**REQUIRED WORK:** One part of the entries below is wanted: the lines from the one containing "Signed RT Navajo" through the one containing "In this patient". Write those out exactly and nothing else.
[Start of section]
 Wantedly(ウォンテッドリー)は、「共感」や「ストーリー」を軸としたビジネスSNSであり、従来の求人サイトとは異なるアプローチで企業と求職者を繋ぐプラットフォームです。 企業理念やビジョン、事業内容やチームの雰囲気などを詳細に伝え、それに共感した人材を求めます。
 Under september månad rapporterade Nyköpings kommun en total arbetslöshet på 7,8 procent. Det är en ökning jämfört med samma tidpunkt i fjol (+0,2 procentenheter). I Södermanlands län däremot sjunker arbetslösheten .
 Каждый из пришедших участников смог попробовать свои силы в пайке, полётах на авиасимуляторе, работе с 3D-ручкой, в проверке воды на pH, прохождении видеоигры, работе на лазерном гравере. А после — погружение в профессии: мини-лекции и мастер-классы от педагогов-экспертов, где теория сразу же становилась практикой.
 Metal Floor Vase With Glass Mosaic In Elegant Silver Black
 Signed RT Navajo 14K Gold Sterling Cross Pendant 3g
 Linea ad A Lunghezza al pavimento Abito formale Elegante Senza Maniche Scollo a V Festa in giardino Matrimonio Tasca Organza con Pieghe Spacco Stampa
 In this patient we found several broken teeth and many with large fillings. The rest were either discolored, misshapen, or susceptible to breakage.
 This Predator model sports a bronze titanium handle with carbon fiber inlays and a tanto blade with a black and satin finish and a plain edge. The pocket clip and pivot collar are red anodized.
[End of section]
**SOLUTION BELOW:**
 Signed RT Navajo 14K Gold Sterling Cross Pendant 3g
 Linea ad A Lunghezza al pavimento Abito formale Elegante Senza Maniche Scollo a V Festa in giardino Matrimonio Tasca Organza con Pieghe Spacco Stampa
 In this patient we found several broken teeth and many with large fillings. The rest were either discolored, misshapen, or susceptible to breakage.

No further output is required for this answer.